For learners and researchers, this is transformative. You’re not reading an interface—you’re reading the full implementation.

Built-In Experiment Tracking & Visualization

CleanRL integrates seamlessly with TensorBoard and Weights & Biases (W&B). With a single flag (--track), you can log:

Training metrics (e.g., returns, losses)
Hyperparameters
Dependencies
Videos of agent gameplay (critical for debugging behavior)

This makes it trivial to compare runs, share results, or reproduce someone else’s experiment—down to the exact random seed.

Strong Local Reproducibility

Reproducibility in RL is notoriously hard. CleanRL tackles this head-on by:

Explicitly seeding all randomness sources (NumPy, PyTorch, environment)
Pinning dependency versions via uv or pip
Avoiding non-deterministic operations where possible

This means if you run the same script twice with the same seed, you’ll get identical results—a rarity in many RL codebases.

Scalable Despite Simplicity

Don’t mistake simplicity for limitation. CleanRL has orchestrated experiments across 2,000+ cloud machines using Docker and AWS Batch. Its minimal design actually enhances debugging at scale: when something fails, you’re not hunting through layers of abstraction—you’re looking at the actual training loop.

Ideal Use Cases

CleanRL shines in two primary scenarios:

Learning & Teaching DRL: Whether you’re a student trying to implement PPO for the first time or an instructor preparing lecture materials, CleanRL’s files serve as authoritative, readable references.
Rapid Prototyping: Need to test a new loss function, modify an exploration strategy, or add a custom encoder? CleanRL’s flat structure lets you edit core logic directly—no subclassing, no plugin systems, no framework constraints.

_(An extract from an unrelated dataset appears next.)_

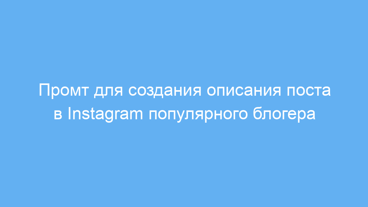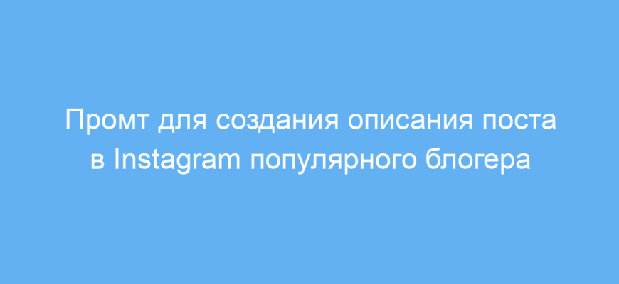 Этот промт предназначен для тех, кто хочет быстро и качественно создавать привлекательные описания для постов в Instagram. Он поможет блогерам, маркетологам, SMM-специалистам и всем, кто ведёт страницы в социальных сетях, сэкономить время и повысить вовлечённость аудитории.

It’s not designed as a production SDK or a modular library you import into large codebases. Instead, it’s a research-first toolkit optimized for understanding and iteration.

Getting Started in Minutes

CleanRL is easy to run locally:

git clone https://github.com/vwxyzjn/cleanrl.git  
cd cleanrl  
uv pip install .  
uv run python cleanrl/ppo.py --env-id CartPole-v0 --total-timesteps 50000

Want to track experiments in the cloud? Just add --track --wandb-project-name my-project.

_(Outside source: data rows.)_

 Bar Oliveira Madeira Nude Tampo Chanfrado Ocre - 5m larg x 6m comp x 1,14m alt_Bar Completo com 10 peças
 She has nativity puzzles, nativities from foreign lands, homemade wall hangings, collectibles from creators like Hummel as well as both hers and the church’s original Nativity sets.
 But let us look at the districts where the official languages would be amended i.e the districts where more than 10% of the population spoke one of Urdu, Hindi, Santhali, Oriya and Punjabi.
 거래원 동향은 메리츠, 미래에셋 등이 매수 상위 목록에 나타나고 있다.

CleanRL supports a wide range of environments:

Classic control: CartPole, Pendulum
Atari: Breakout, Pong (with optional envpool for 3–4x speedup)
MuJoCo: Humanoid, Ant (continuous control)
Procgen: StarPilot, CoinRun (generalization benchmarks)
Multi-agent: PettingZoo integration

Each environment has its own tailored script (e.g., ppo_atari.py, sac_continuous_action.py), so you always see exactly how the algorithm adapts to the domain.

Trade-Offs to Understand

CleanRL makes deliberate design choices:

✅ Pros: Clarity, debuggability, reproducibility, minimal dependencies
❌ Cons: Code duplication across files (intentional for independence), not importable as a library

If your goal is to build a large-scale RL service with shared modules, CleanRL isn’t the right fit. But if you want to understand, modify, or verify how an algorithm works—CleanRL is purpose-built for that.

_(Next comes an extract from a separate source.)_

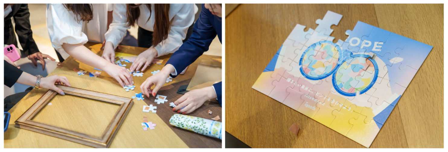 会場到着前には、プチサプライズも実施しました。当日、何も知らされていない新入社員は、本社に集合。社内に散らばった28個のパズルピースを集め、1つの絵を完成させるというミッションが課されました。完成したパズルには「SCOPE」という文字が浮かび上がり、新入社員28名へ向けて入社式テーマがサプライズ発表されました。

Evidence of Quality: Open Benchmarks

CleanRL doesn’t just claim correctness—it proves it. All implementations are rigorously benchmarked across 7+ algorithms and 34+ environments at https://benchmark.cleanrl.dev.

These public reports—powered by Weights & Biases—show:

Training curves matching or exceeding baselines
GPU utilization metrics
Gameplay videos
Full hyperparameter sets

This transparency lets you validate performance before committing to CleanRL in your own work.

Summary

CleanRL fills a critical gap in the deep reinforcement learning ecosystem: it bridges the divide between academic papers and working code by offering complete, readable, and reproducible implementations in a single file. Whether you’re learning DRL for the first time, prototyping a novel idea, or verifying baseline performance, CleanRL removes the friction of obscure abstractions and delivers exactly what you need—nothing more, nothing less.

With strong community support, cloud scalability, and public benchmarking, CleanRL isn’t just “clean”—it’s research-ready.